• **Action item**:
Retype each of the entries below exactly as written.

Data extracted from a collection
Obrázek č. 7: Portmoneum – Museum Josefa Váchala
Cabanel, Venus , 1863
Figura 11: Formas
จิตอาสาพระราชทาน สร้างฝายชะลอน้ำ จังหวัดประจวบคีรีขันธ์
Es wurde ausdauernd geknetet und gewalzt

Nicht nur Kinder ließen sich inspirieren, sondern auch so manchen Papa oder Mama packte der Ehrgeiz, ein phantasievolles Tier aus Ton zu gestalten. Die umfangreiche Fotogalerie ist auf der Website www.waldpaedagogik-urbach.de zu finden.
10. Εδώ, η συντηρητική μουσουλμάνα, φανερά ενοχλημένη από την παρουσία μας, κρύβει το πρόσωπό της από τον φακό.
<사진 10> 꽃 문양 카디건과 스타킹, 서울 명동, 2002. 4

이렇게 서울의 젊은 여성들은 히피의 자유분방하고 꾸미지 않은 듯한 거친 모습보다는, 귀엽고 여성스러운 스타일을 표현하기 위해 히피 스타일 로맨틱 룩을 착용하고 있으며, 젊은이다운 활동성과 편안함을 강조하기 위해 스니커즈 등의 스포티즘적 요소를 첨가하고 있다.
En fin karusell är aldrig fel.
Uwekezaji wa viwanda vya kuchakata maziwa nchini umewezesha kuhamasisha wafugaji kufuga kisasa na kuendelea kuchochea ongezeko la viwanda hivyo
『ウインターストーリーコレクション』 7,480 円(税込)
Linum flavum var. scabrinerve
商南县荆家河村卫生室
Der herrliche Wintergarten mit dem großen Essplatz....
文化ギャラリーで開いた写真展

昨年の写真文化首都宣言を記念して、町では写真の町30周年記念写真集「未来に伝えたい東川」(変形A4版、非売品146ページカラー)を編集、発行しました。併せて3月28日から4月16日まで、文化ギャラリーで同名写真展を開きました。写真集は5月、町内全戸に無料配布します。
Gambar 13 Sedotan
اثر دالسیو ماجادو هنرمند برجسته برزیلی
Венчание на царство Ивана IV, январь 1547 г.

• **Solution for this task**:
Obrázek č. 7: Portmoneum – Museum Josefa Váchala
Cabanel, Venus , 1863
Figura 11: Formas
จิตอาสาพระราชทาน สร้างฝายชะลอน้ำ จังหวัดประจวบคีรีขันธ์
Es wurde ausdauernd geknetet und gewalzt

Nicht nur Kinder ließen sich inspirieren, sondern auch so manchen Papa oder Mama packte der Ehrgeiz, ein phantasievolles Tier aus Ton zu gestalten. Die umfangreiche Fotogalerie ist auf der Website www.waldpaedagogik-urbach.de zu finden.
10. Εδώ, η συντηρητική μουσουλμάνα, φανερά ενοχλημένη από την παρουσία μας, κρύβει το πρόσωπό της από τον φακό.
<사진 10> 꽃 문양 카디건과 스타킹, 서울 명동, 2002. 4

이렇게 서울의 젊은 여성들은 히피의 자유분방하고 꾸미지 않은 듯한 거친 모습보다는, 귀엽고 여성스러운 스타일을 표현하기 위해 히피 스타일 로맨틱 룩을 착용하고 있으며, 젊은이다운 활동성과 편안함을 강조하기 위해 스니커즈 등의 스포티즘적 요소를 첨가하고 있다.
En fin karusell är aldrig fel.
Uwekezaji wa viwanda vya kuchakata maziwa nchini umewezesha kuhamasisha wafugaji kufuga kisasa na kuendelea kuchochea ongezeko la viwanda hivyo
『ウインターストーリーコレクション』 7,480 円(税込)
Linum flavum var. scabrinerve
商南县荆家河村卫生室
Der herrliche Wintergarten mit dem großen Essplatz....
文化ギャラリーで開いた写真展

昨年の写真文化首都宣言を記念して、町では写真の町30周年記念写真集「未来に伝えたい東川」(変形A4版、非売品146ページカラー)を編集、発行しました。併せて3月28日から4月16日まで、文化ギャラリーで同名写真展を開きました。写真集は5月、町内全戸に無料配布します。
Gambar 13 Sedotan
اثر دالسیو ماجادو هنرمند برجسته برزیلی
Венчание на царство Ивана IV, январь 1547 г.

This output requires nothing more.